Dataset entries
☆ ☆ ☆ ☆

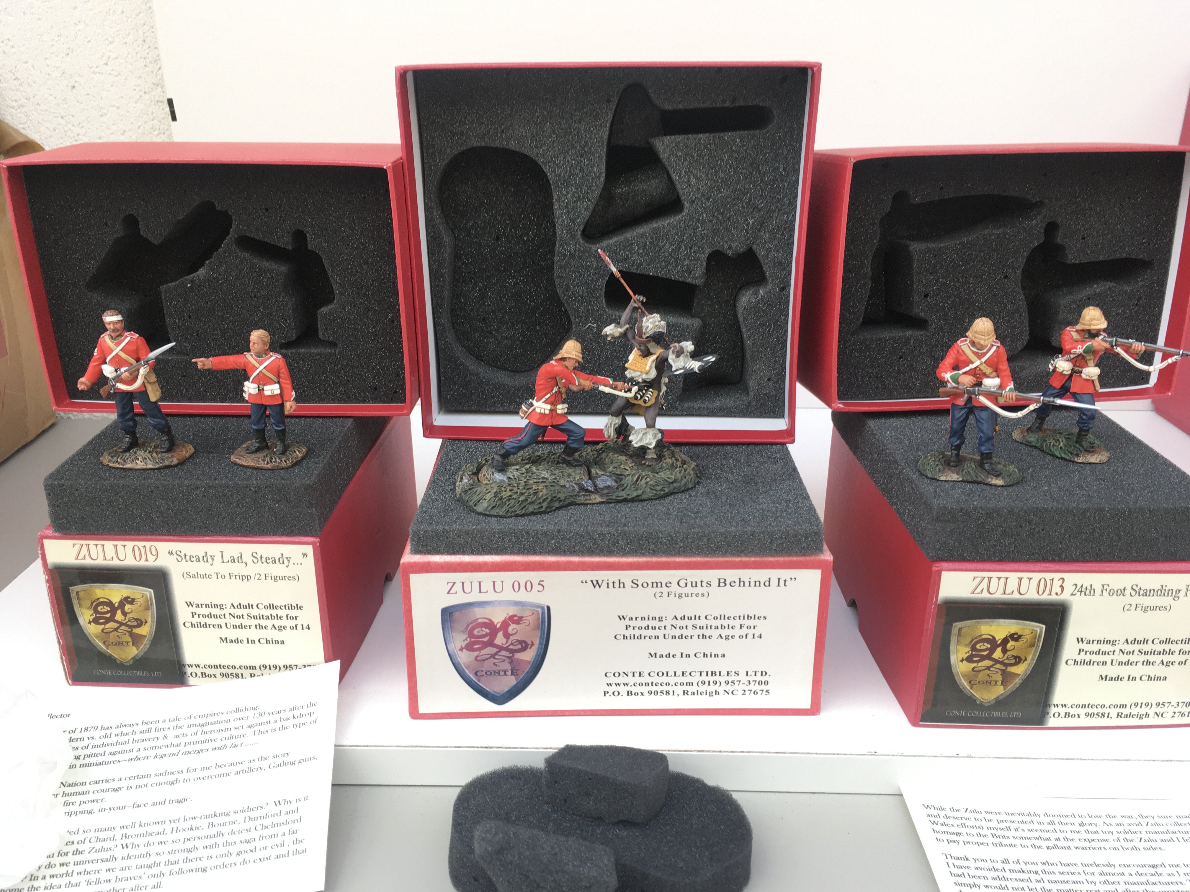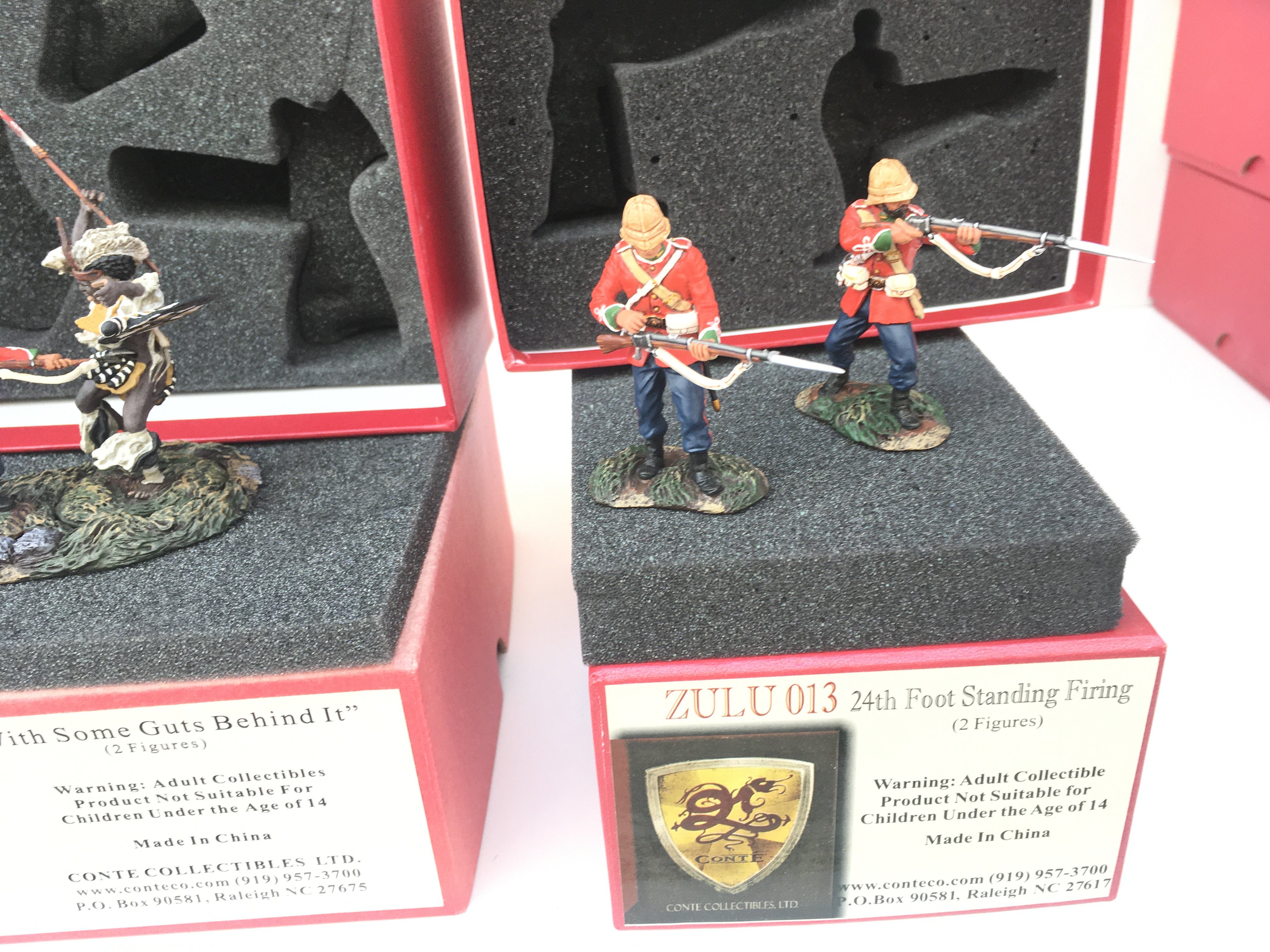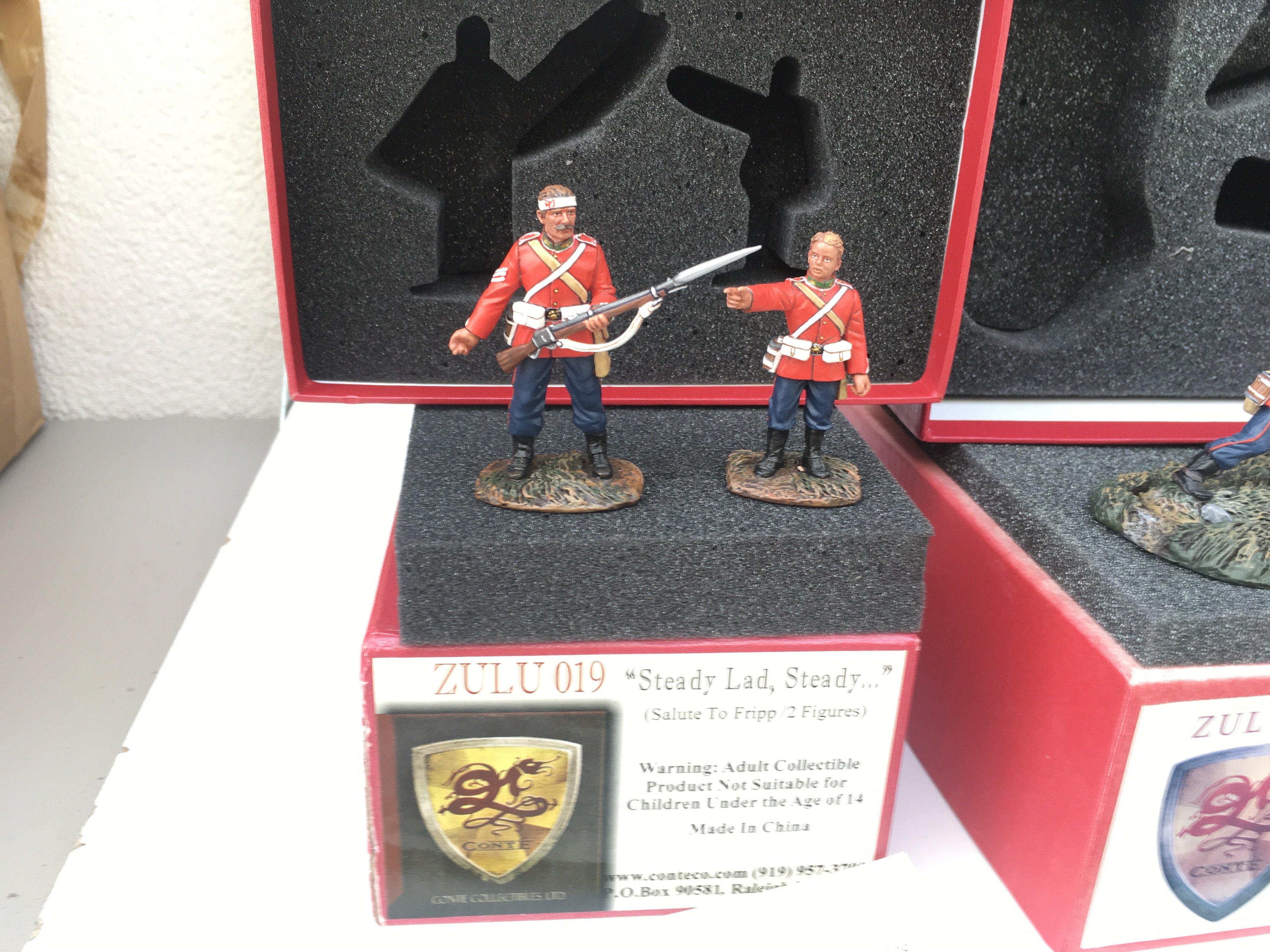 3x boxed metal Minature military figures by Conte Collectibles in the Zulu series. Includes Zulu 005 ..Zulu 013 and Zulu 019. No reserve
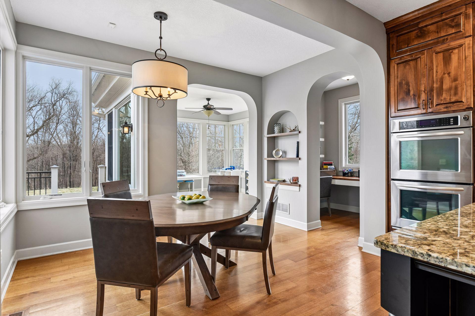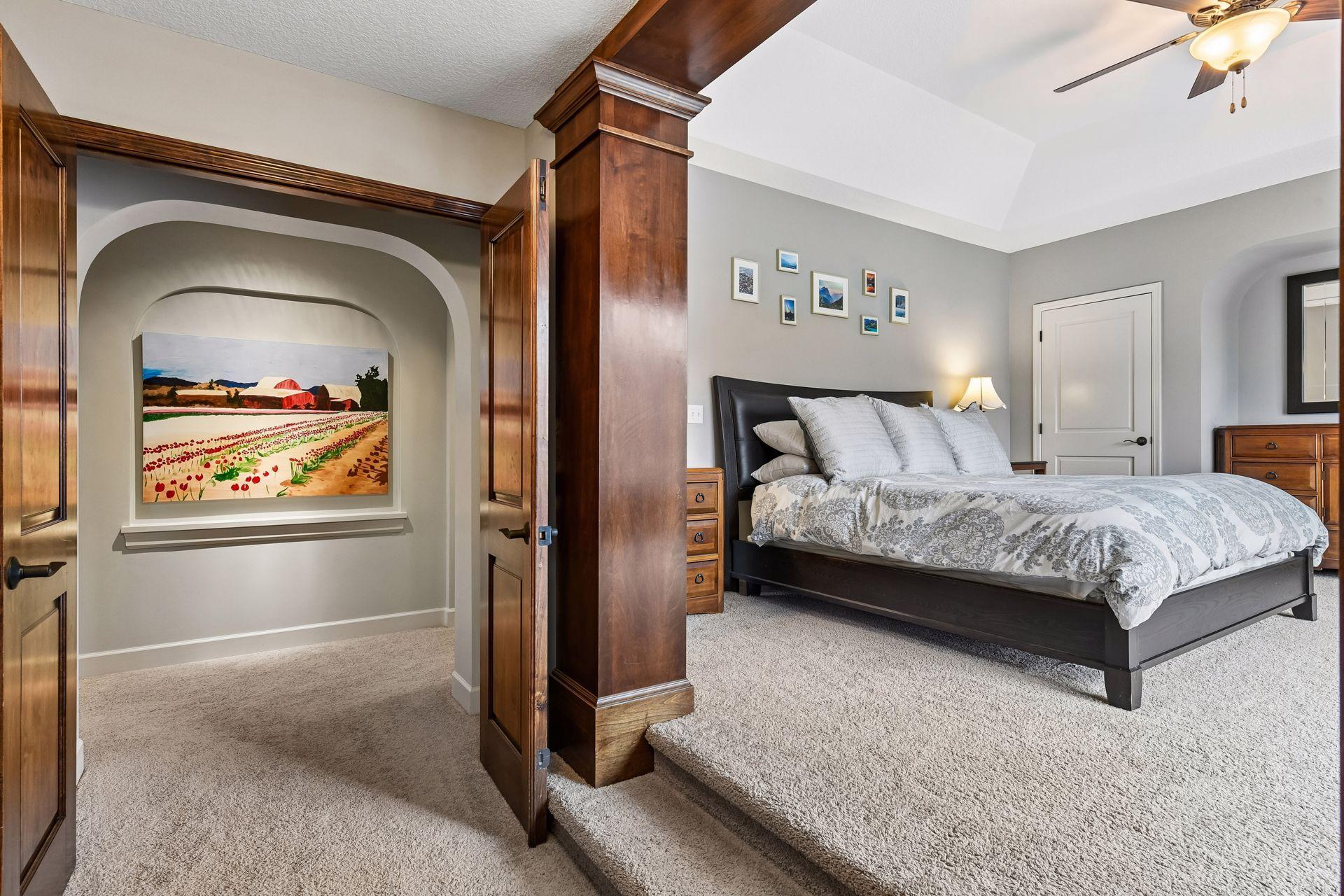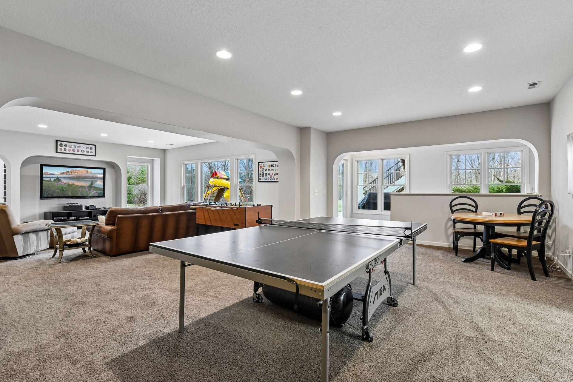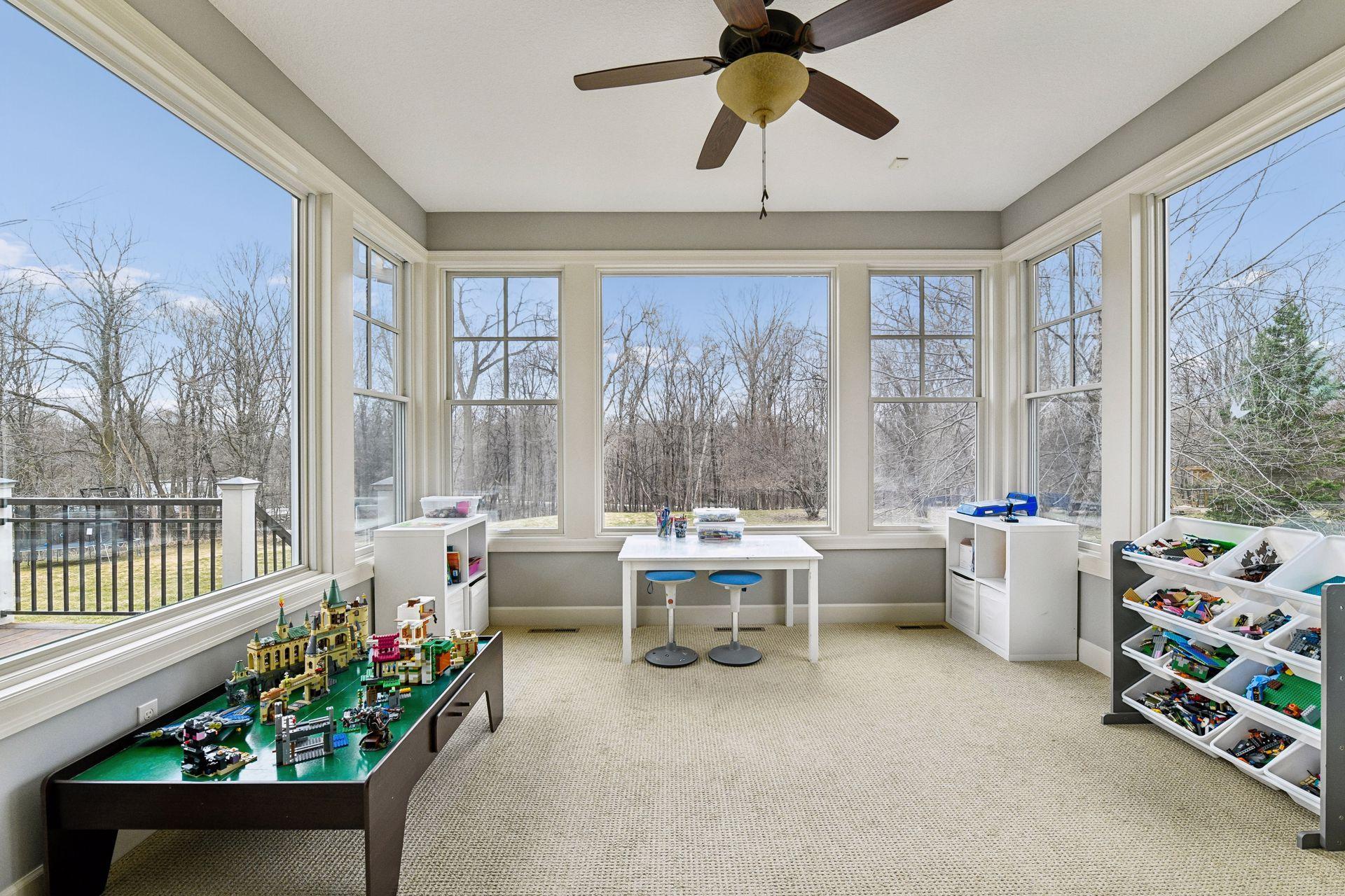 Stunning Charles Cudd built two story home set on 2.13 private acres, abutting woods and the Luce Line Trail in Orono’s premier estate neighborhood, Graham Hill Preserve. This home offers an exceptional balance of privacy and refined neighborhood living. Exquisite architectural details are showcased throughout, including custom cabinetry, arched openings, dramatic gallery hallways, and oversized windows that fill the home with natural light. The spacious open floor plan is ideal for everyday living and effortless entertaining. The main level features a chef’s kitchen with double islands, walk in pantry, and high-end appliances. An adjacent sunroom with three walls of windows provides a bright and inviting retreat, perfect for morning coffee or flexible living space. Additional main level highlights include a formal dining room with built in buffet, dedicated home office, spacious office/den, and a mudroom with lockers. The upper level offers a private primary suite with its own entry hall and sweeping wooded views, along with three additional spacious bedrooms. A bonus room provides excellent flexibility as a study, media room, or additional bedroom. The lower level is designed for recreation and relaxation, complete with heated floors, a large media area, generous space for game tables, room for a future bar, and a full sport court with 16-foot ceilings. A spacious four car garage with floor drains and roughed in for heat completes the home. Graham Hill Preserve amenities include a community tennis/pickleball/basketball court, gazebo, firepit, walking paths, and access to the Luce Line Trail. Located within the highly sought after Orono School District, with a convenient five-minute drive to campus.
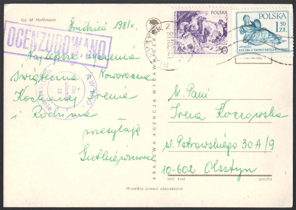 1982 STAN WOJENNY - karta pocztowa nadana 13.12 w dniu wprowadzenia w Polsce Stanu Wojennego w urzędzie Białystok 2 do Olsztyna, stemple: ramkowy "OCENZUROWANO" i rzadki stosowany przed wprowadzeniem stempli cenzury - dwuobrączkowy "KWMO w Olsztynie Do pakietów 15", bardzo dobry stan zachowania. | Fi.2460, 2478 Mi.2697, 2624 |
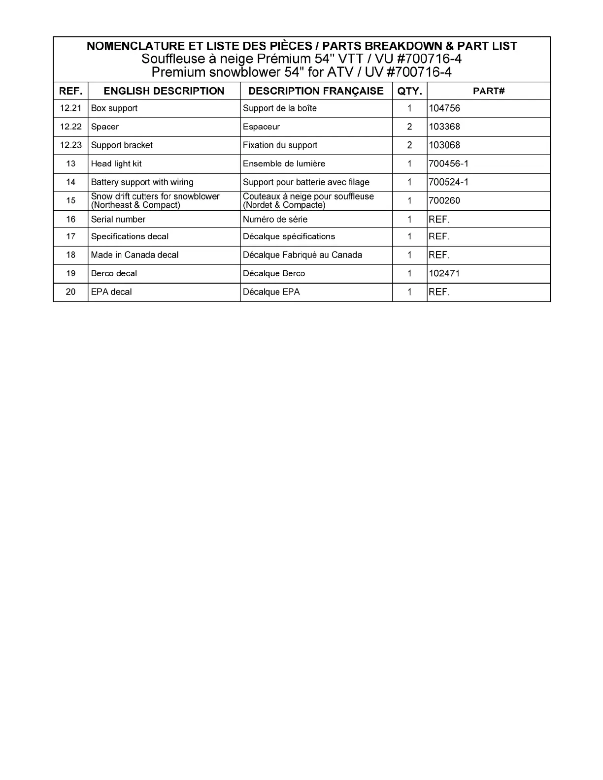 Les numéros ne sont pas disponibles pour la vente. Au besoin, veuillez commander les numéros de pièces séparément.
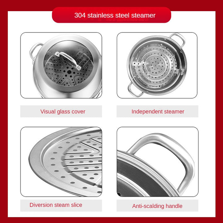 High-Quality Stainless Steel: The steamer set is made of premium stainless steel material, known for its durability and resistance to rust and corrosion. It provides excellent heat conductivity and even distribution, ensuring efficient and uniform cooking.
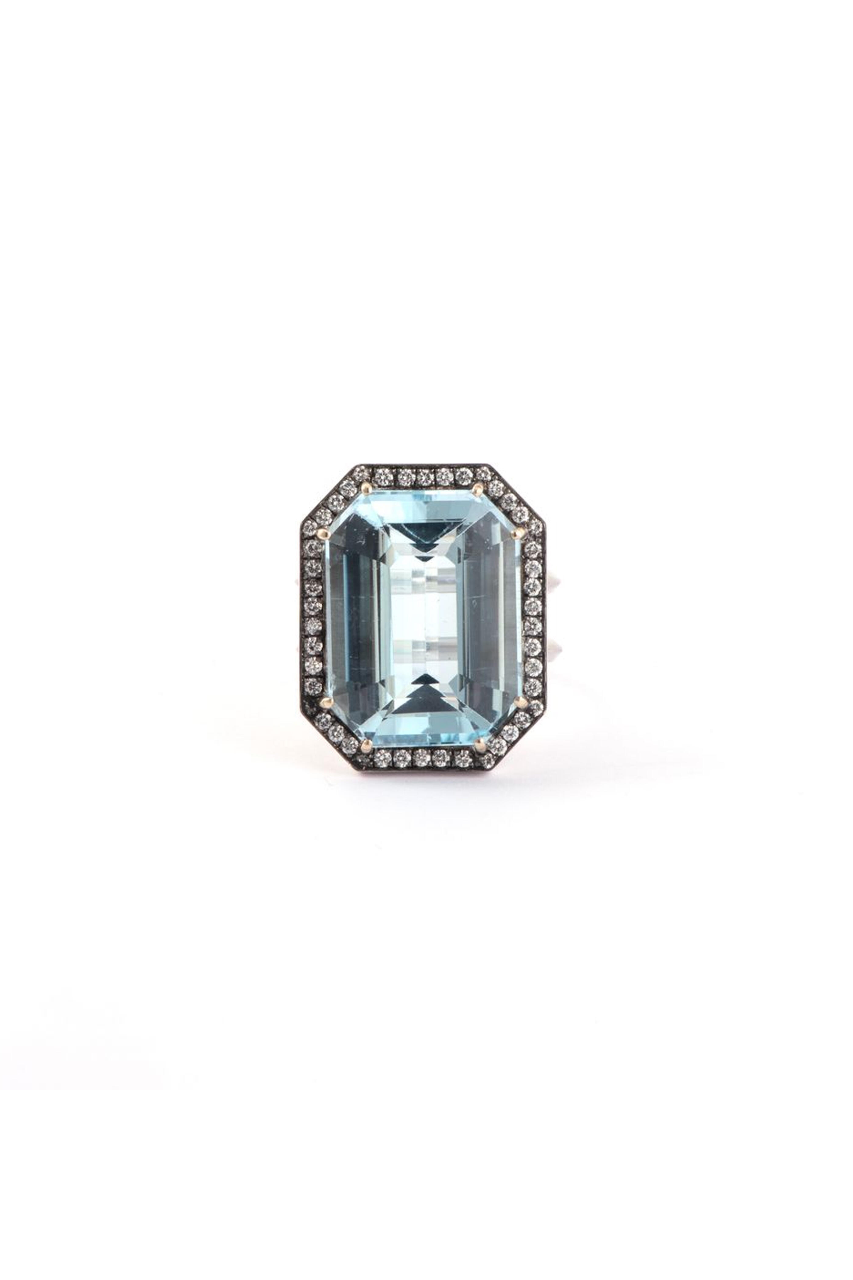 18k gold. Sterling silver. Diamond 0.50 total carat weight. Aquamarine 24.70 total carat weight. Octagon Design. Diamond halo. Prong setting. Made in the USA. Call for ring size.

☆ ☆ ☆ ☆

* **Instructions to follow**
Make an exact copy of the records, pictures excluded.

* **Response to this task**
 3x boxed metal Minature military figures by Conte Collectibles in the Zulu series. Includes Zulu 005 ..Zulu 013 and Zulu 019. No reserve
 Stunning Charles Cudd built two story home set on 2.13 private acres, abutting woods and the Luce Line Trail in Orono’s premier estate neighborhood, Graham Hill Preserve. This home offers an exceptional balance of privacy and refined neighborhood living. Exquisite architectural details are showcased throughout, including custom cabinetry, arched openings, dramatic gallery hallways, and oversized windows that fill the home with natural light. The spacious open floor plan is ideal for everyday living and effortless entertaining. The main level features a chef’s kitchen with double islands, walk in pantry, and high-end appliances. An adjacent sunroom with three walls of windows provides a bright and inviting retreat, perfect for morning coffee or flexible living space. Additional main level highlights include a formal dining room with built in buffet, dedicated home office, spacious office/den, and a mudroom with lockers. The upper level offers a private primary suite with its own entry hall and sweeping wooded views, along with three additional spacious bedrooms. A bonus room provides excellent flexibility as a study, media room, or additional bedroom. The lower level is designed for recreation and relaxation, complete with heated floors, a large media area, generous space for game tables, room for a future bar, and a full sport court with 16-foot ceilings. A spacious four car garage with floor drains and roughed in for heat completes the home. Graham Hill Preserve amenities include a community tennis/pickleball/basketball court, gazebo, firepit, walking paths, and access to the Luce Line Trail. Located within the highly sought after Orono School District, with a convenient five-minute drive to campus.
 1982 STAN WOJENNY - karta pocztowa nadana 13.12 w dniu wprowadzenia w Polsce Stanu Wojennego w urzędzie Białystok 2 do Olsztyna, stemple: ramkowy "OCENZUROWANO" i rzadki stosowany przed wprowadzeniem stempli cenzury - dwuobrączkowy "KWMO w Olsztynie Do pakietów 15", bardzo dobry stan zachowania. | Fi.2460, 2478 Mi.2697, 2624 |
 Les numéros ne sont pas disponibles pour la vente. Au besoin, veuillez commander les numéros de pièces séparément.
 High-Quality Stainless Steel: The steamer set is made of premium stainless steel material, known for its durability and resistance to rust and corrosion. It provides excellent heat conductivity and even distribution, ensuring efficient and uniform cooking.
 18k gold. Sterling silver. Diamond 0.50 total carat weight. Aquamarine 24.70 total carat weight. Octagon Design. Diamond halo. Prong setting. Made in the USA. Call for ring size.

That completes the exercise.